Your answers are probably all over the lot: Depends on the distance you go to set up on your fishing spot; depends on what species your targeting and what technique you're using (i.e. bottom fishing, jigging or maybe even trolling); depends on what the tide is doing - slack tide will cost you about an hour waiting for action; etc., etc.

But, bottom line, no matter what the circumstances or approach, you're not going to be spending all your time on a fishing trip bringing in the big one. There is down time with you and yours confined to the cockpit of a boat with time to spare.

How do you use that intervening time?

Well, certainly, there would be activities like reading a book, listening to your iPod, chatting with your fellow anglers or just kicking back and enjoying the time on the water.

However, experience with years of doing charters, has provided some special experiences wherein the down time was used in unique ways and I'd like to share a couple of the more memorable with you.

They got another one

You try to keep your anglers focused on the fishing. Especially, when the expectations for good solid action are positive. With all the activity on the water hereabouts, the distractions like cavorting dolphin, working seabirds and even passing luxury cruisers can have folks forget what they're there for and then, finally, we have special situations where there are competitive distractions.

I will explain that one with a story.

My charter customers that day were a group of nice folks on holiday from somewhere in the reaches of the far east. They readily explained that they fished regularly back home; enjoyed seafood immensely and would take home everything edible they caught that day.

There was mom and dad and three siblings, all in the 8- to 13-year-old range and if all had one dominant characteristic, it would have been intensity. They all were supercharged right from the start with questions aimed at just about everything.

"What will we catch? How big are they? Can we eat them? How come the water is green?

I tried to answer the best that I could but I couldn't keep up.

That particular day I knew I needed activity - one fish every 15 minutes or so would mount an insurrection - I had to do better than that.

I chose a spot just off Coon Key where the whiting and trout action had been superb the previous week with expectations that the bite would hold.

We arrived at our spot near mid morning and there were already two other boats set up and obviously into some good action. My gang eyed these other two boats with a mixture of distain and annoyance. Annoyed that they were on their fishing spot at all.

We went over the technique for catching these fish - little bit of rod movement and wait until they strike and you feel the weight - were my instructions.

They heard nothing.

They stared down the anglers in the other boat and would announce sometimes singularly but mostly in group unison "They got another one." Citing the success of one of the other boats. In the meantime, with focus on their fishing waning, they were missing bite after bite.

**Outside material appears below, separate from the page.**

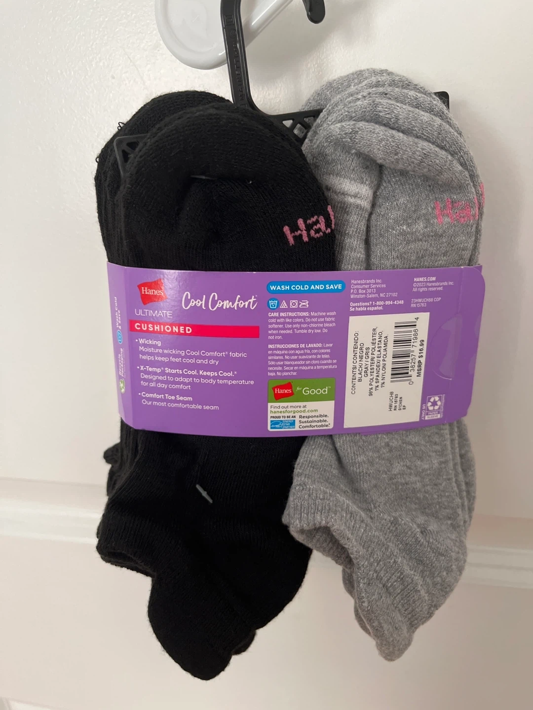 I have a pack of Hanes Ultimate Cool Comfort no show socks. These are size 5-9. They're cushioned and made with moisture-wicking Cool Comfort fabric to keep your feet cool and dry. The socks also have a comfort toe seam for extra comfort

As the morning wore on it just got worse. Their competitive spirit could not allow the other boat's success even with a price of totally losing focus on their own fishing. In essence they created their own down time by not paying attention.

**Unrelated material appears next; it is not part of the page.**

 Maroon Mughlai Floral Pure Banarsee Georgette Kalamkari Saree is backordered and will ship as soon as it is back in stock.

I thought of leaving the area but that would be leaving a good bite, so we turned the boat around and stern anchored just so they couldn't see the success in the other boats. Then all was fine and their catch put smiles on the faces. At last, they were focused on what they were doing and the other boats were out of sight and out of mind.

Where am I?

If you've been near the water here, you know there are legions of folks out enjoying a day on the briny on a rental boat. The boats come in various flavors such as pontoon boats, deck boats and even fishing boats and at the helms are everyone from those nautically proficient to those nautically challenged.

The marinas renting the boats do a superb job in briefing the renters in boat operation, navigation, and safety. They provide detailed charts that show the trails to the beaches in great detail and then with final words of encouragement help them shove off into our waters.

Wait, I forgot one other important instructional and safety item. The boats all have a VHF radio and are instructed to call home if they have need of assistance. Sort of like a nautical OnStar system that uses one of the common VHF frequencies that most boats on the water monitor.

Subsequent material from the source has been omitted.